Security. DWP may prohibit the carrying and use of DWP devices in certain

countries.

8.16 Employees and contractors are required to contact the Personnel Security team

before travelling to certain countries, whether this is on official business or for a

personal visit e.g., a holiday. Employees and contractors should check the Travel

Abroad: Staff Advice and Notification intranet page to check whether this includes

the country they are visiting.

9. Physical Security

Users must:

9.1 Comply with the DWP Physical Security Policy & Physical Security

Standards

9.2 Be responsible for keeping all portable devices assigned to them safe and

secure and immediately report any loss or damage of their equipment to their line

manager and log a security incident using the Security Incident Referral

Webform. If the device is a work phone/smart phone you must also complete

a Lost/Stolen Device Report (link is external) form via DWP place and contact IT

Support urgently on 0800 464 3549 to ask for the phone to be suspended.

9.3 Protect DWP equipment appropriately when travelling e.g.

• Laptops must always be carried as hand luggage.

• Never leave a portable device visible in parked vehicles.

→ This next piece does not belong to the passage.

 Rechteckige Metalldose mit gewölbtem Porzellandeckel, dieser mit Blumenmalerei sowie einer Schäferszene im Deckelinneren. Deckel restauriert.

• Never leave equipment unattended in a public place e.g., on public transport

9.4 Return all DWP assets when leaving DWP. Failure to return equipment could

lead to steps being taken to recover the cost, which could include legal action

through the civil courts. Line Managers must complete all appropriate exit

procedures with leavers. See the DWP Leaver Checklist for more information.

10. Compliance

10.1 If for any reason users are unable to comply with this policy or require use of

technology which is outside its scope, this should be discussed with their line

manager in the first instance and then the Security Advice Centre who can provide

advice on escalation/exception routes.

10.2 Seek exceptions to security policies by applying for an Exception.

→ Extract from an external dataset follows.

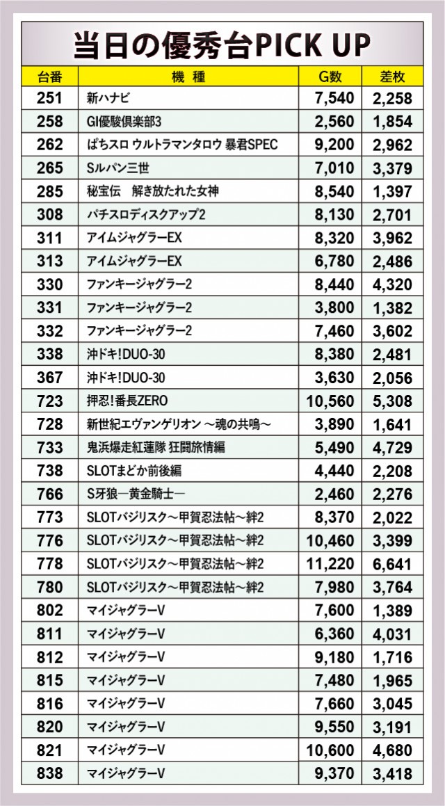『マイジャグラーV』といえば、シリーズ機の中でも高い人気を誇っている。30台ピックアップされる優秀台だが、そこに8台もランクインしており、高い信頼性を窺うことができるだろう。4千枚OVERが2台・3千枚OVERも3台発生する状況で、遊技するファンはGOGOランプの輝きにウットリしていたはずだ。もちろん、『アイムジャグラーEX』『ファンキージャグラー2』も負けじと活躍しており、ノーマル機が目立った内容となった。
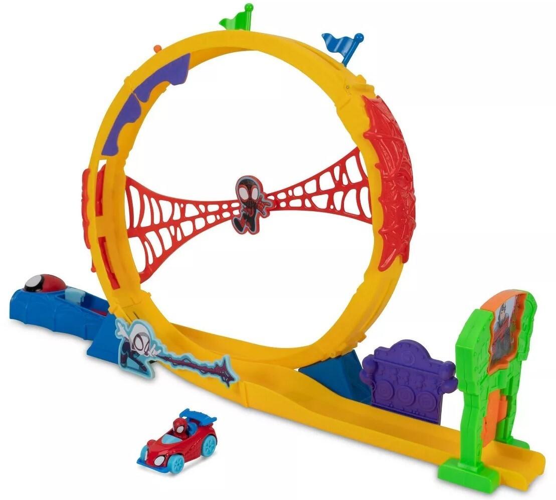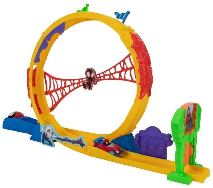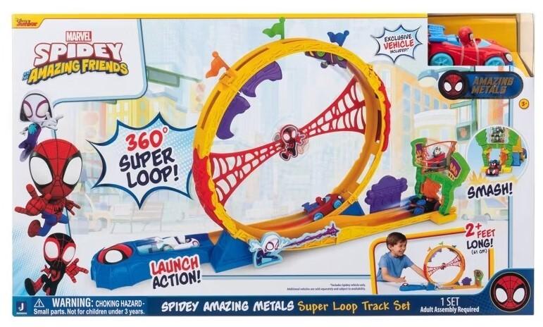*Spidey and Friends: Metals Track Set*Ride up and around the MARVEL Spidey and His Amazing Friends Amazing Metals Super Loop Track Set. This deluxe 28-inch race track features a vehicle launcher, super loop, rotating Spin, and double exit doors. The set also includes an exclusive 3-inch Amazing Metals vehicle of Spidey’s Web Crawler. First, place the vehicle onto the launcher and press down on the Spidey head to send it zooming into action. It will then race around a 360 degree super loop, zooming past coaster cars and Spin (whom you can manually rotate).It will then complete the loop, fly past the carnival tent, and crash through the double exit doors to finish the adventure. The Amazing Metals Super Loop Track Set is inspired by the hit show Spidey and His Amazing Friends. Officially licensed MARVEL product from Jazwares.*Features:** Ride up and around the MARVEL Amazing Metals Super Loop Track Set* 28-inch track features a vehicle launcher, super loop, exit doors, and more* Press down the Spidey head to launch any 3-inch Amazing Metals vehicle* It will then zoom up, down, and around a 360 degree super loop* Also includes an exclusive 3-inch Spidey Amazing Metals vehicle* Inspired by the hit show Spidey and His Amazing Friends*Suitable for Ages 3+*

10.3 All requests to use new software not currently approved by DWP must be

subject to the Software Approvals process though Software Asset Management.

10.4 Line managers are responsible for ensuring that users understand their

responsibilities and consequences as defined in this policy and continue to meet its

requirements for the duration of their employment with DWP. They are also

responsible for monitoring employees’ ability to perform assigned security

responsibilities. This does not remove responsibility from employees, who must

ensure that they too understand their responsibilities as outlined in this policy and

continue to meet the requirements. It is a line manager’s responsibility to take

appropriate action if individuals fail to comply with this policy.

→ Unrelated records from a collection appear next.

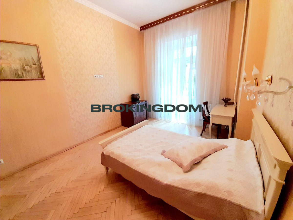 Квартира на 2му поверсі, площа: 80,0\46.5\15,3. Тихий центр. будинок з охороною та закритим двором, парковкою. Повністю мебльована, заходь і живи. Хороший якісний ремонт в класичному стилі, високі стелі, паркет, вся побутова техніка, кондиціонери, 2 балкони. Спальня виходить у двір. Просторі кімнати, велика кухня.
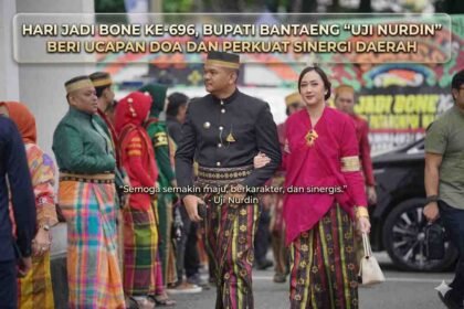 Bupati Bantaeng, M. Fathul Fauzy Nurdin, didampingi Ketua Tim Penggerak PKK Bantaeng, Gunya Paramasukhaputri, menghadiri puncak peringatan Hari Jadi Bone (HJB) ke-696 yang dipusatkan di Rumah Jabatan ...
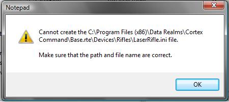 I am trying to load rte. files in C:\Program Files\Data Realms\Cortex Command. however each time i try I get an error message. cannot create folder... also if i try to edit code I get the error make sure path and file name are correct. This is my first attempt at modding so I don't know what I'm doing wrong.

10.5 DWP actively monitors employee and contractor personal use of IT and

equipment to ensure everyone is complying with this policy (AUP) and the DWP

Social Media Policy. Monitoring complies with and respects the privacy rights of all

employees as outlined in the DWP Employee Privacy Notice. The consequences

of failing to comply with the personal use limitations of DWP IT and equipment are

serious and attract disciplinary penalties up to and including dismissal.

10.6 DWP’s Security and Data Protection Team will regularly assess for compliance

with this policy and may need to inspect physical locations, technology systems,

design and processes and speak to people to facilitate this. All DWP employees,

agents, contractors, consultants, business partners and service providers will be

required to facilitate, support, and when necessary, participate in any such

inspection. DWP Collaboration and Communication Services will use software filters

to block access to some online websites and services.

10.7 Failure to report a security incident, potential or otherwise, could result in

disciplinary action

10.8 Breaching this policy may result in disciplinary procedures which could lead to

dismissal, including criminal prosecution.